▶ Supplied data:

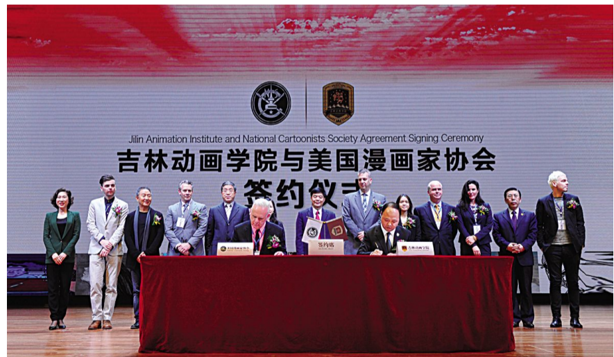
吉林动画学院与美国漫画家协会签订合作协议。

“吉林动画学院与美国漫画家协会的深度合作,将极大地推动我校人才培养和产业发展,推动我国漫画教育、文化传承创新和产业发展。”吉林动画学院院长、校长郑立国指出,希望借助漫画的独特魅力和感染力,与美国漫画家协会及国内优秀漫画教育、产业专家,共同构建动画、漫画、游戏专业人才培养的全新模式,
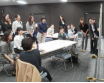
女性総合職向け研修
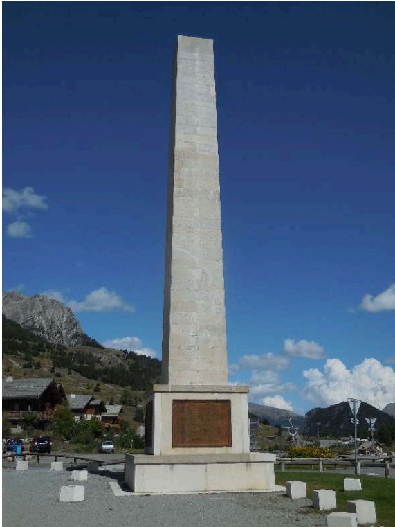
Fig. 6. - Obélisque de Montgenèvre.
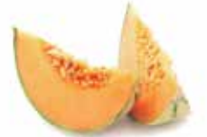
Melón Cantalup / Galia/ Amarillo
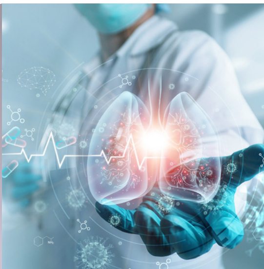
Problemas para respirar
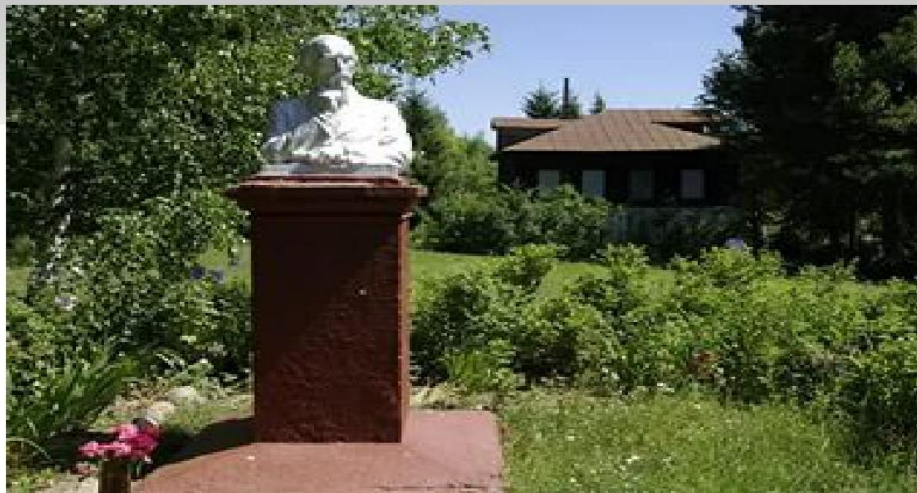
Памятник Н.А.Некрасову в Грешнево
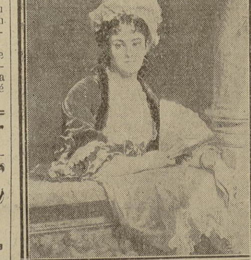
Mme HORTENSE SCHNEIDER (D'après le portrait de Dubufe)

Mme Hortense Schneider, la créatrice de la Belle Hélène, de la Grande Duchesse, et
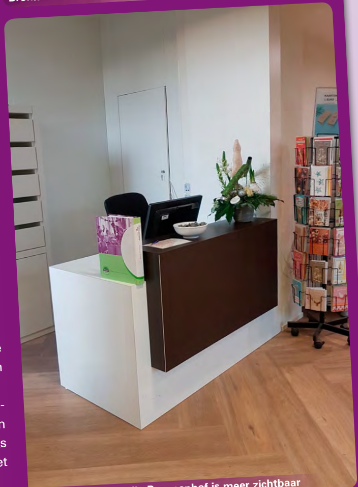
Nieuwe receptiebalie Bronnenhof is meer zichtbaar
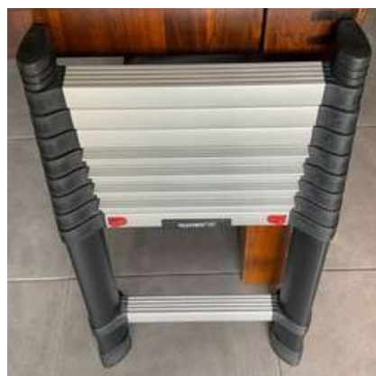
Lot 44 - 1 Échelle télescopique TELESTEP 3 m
==
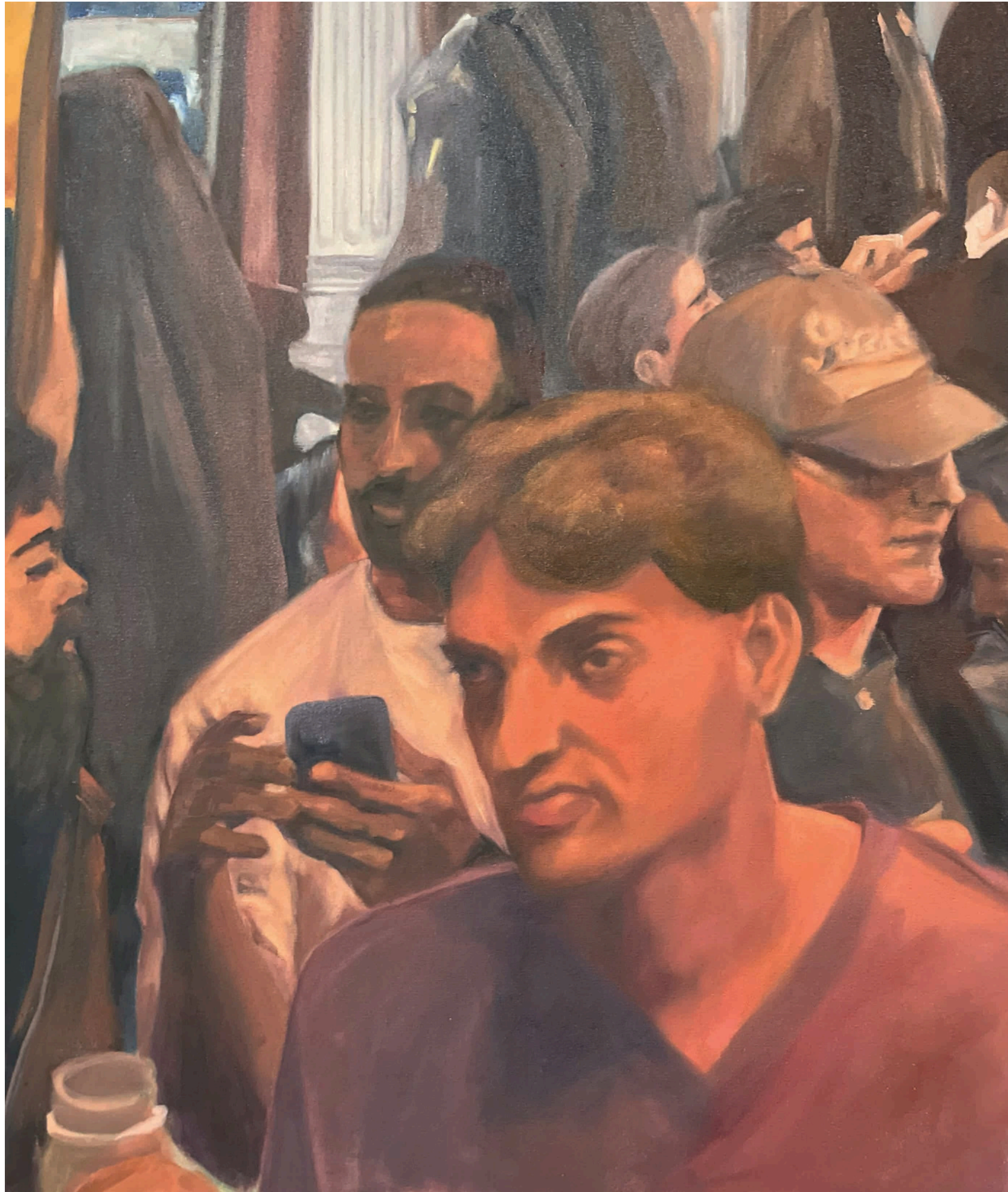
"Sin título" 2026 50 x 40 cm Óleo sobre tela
==
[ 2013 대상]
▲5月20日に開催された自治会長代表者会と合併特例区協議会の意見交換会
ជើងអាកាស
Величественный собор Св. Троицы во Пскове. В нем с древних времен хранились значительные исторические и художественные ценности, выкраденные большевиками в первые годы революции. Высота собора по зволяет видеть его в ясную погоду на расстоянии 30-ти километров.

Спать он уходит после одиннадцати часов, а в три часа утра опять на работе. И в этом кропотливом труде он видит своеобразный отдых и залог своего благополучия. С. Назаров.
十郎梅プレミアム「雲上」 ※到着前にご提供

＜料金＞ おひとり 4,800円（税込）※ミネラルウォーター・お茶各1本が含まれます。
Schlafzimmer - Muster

▶ Problem statement: Where the listing above reaches the line that contains "Спать он уходит", start retyping, and finish with the line that contains "Schlafzimmer - Muster"; reproduce those lines exactly and no others.

▶ Solution below:
Спать он уходит после одиннадцати часов, а в три часа утра опять на работе. И в этом кропотливом труде он видит своеобразный отдых и залог своего благополучия. С. Назаров.
十郎梅プレミアム「雲上」 ※到着前にご提供

＜料金＞ おひとり 4,800円（税込）※ミネラルウォーター・お茶各1本が含まれます。
Schlafzimmer - Muster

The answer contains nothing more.